Identification of the molecular mechanisms of cell cycle regulation and asymmetric cell division, and characterization of the systems biology of bacterial development.
Shapiro founded a new field in developmental biology, using microorganisms to examine fundamental questions in developmental biology. Her work has furthered understanding of the basis of stem cell function and the generation of biological diversity.[2] Her ideas have revolutionized understanding of bacterial genetic networks and helped researchers to develop novel drugs to fight antibiotic resistance and emerging infectious diseases.[3] In 2013, Shapiro was presented with the 2011 National Medal of Science.[3][4] for "her pioneering discovery that the bacterial cell is controlled by an integrated genetic circuit functioning in time and space that serves as a systems engineering paradigm underlying cell differentiation and ultimately the generation of diversity in all organisms."
Early life and education
Lucy Shapiro was born in Brooklyn, New York City, the eldest of three daughters. Her mother was an elementary school teacher and her father, a Ukrainian immigrant.
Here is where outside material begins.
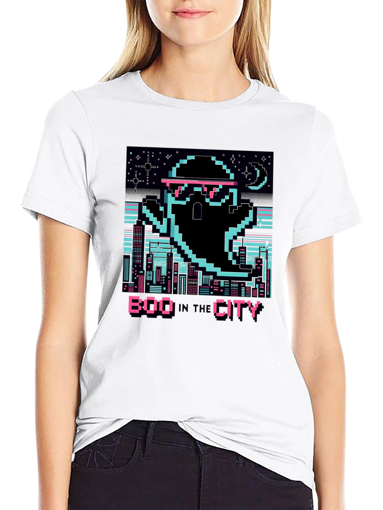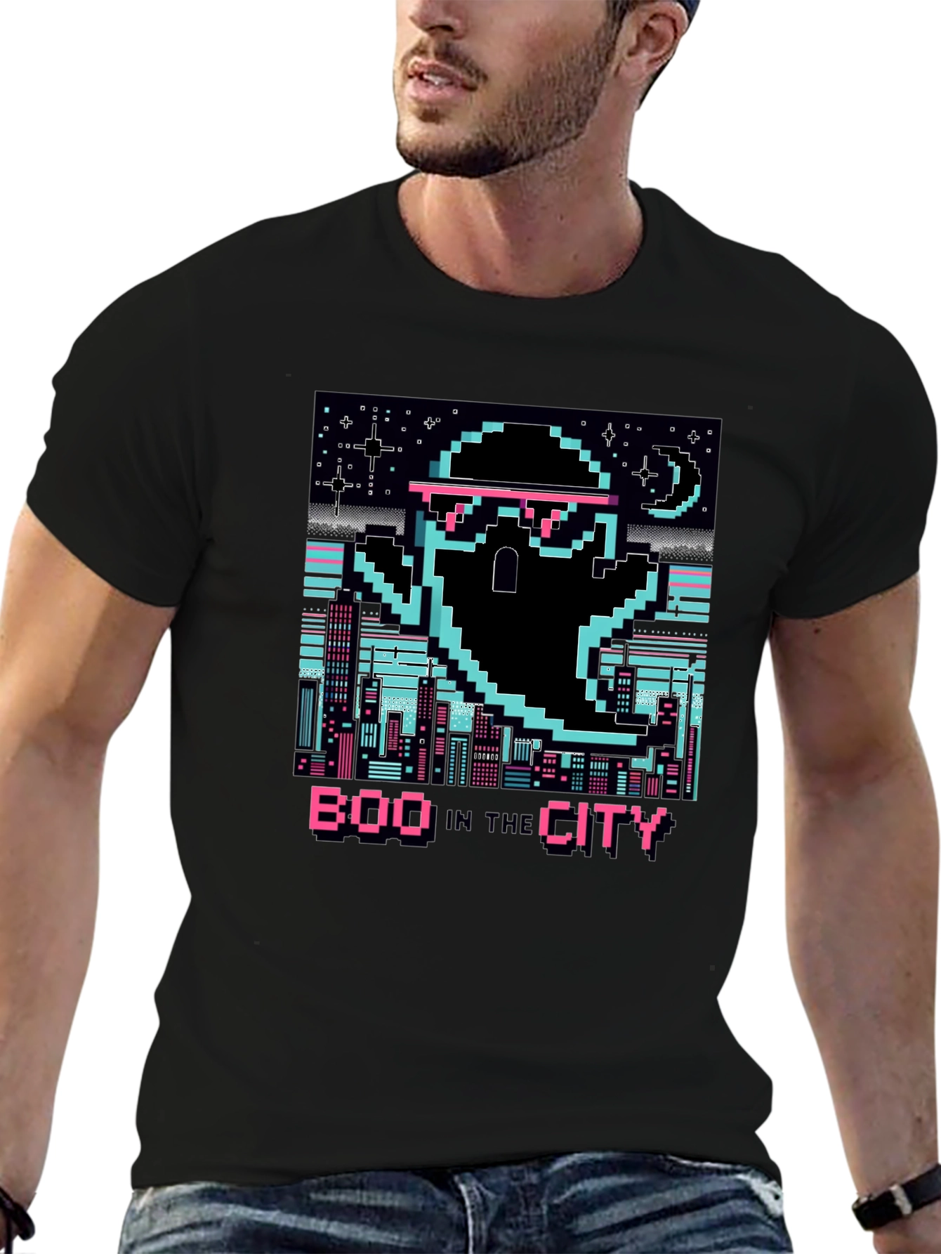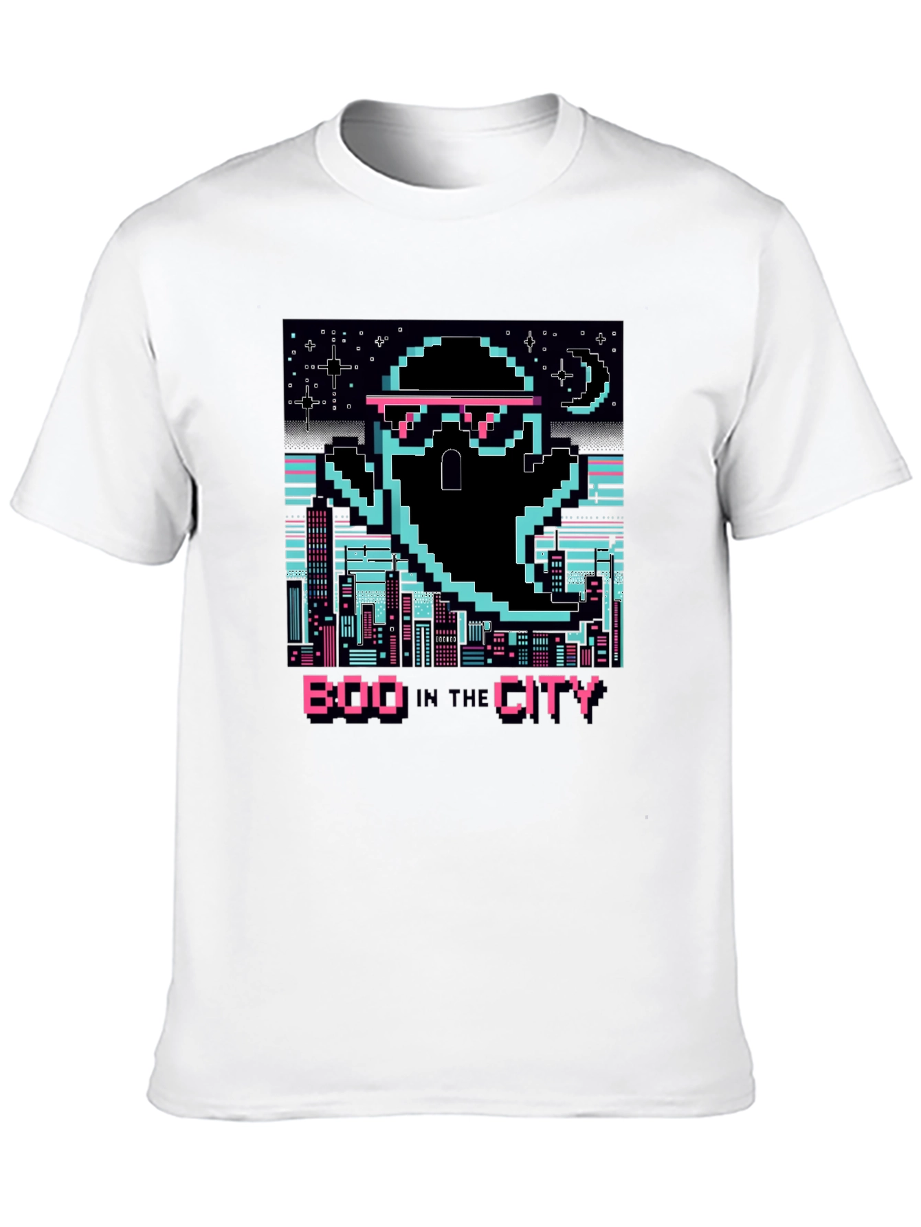 Show off your spooky style with this unique graphic tee! Featuring a pixelated ghost wearing sunglasses against a cityscape backdrop, complete with a starry night and neon accents, this shirt is sure to turn heads. The text “BOO IN THE CITY” adds a playful touch, perfect for Halloween or any fun occasion. Made from comfortable material, this tee is ideal for casual wear, parties, or everyday spooky style. Get yours today and haunt the city in style!

She attended New York City's High School of Music and Arts with a major in Fine Arts.[5]
Shapiro enrolled in Brooklyn College with a double major in Fine Arts and Biology and the intention of becoming a medical illustrator.[6][7] As part of an experimental honors program she was able to design her own curriculum. With the encouragement of Theodore Shedlovsky,[8] she talked her way into an honors organic chemistry class. There her spatial and scientific interests reinforced each other as she visualized the spatial properties of organic molecules in three dimensions.[9] She received her A.B. in Fine Arts and Biology from Brooklyn College in 1962.[8]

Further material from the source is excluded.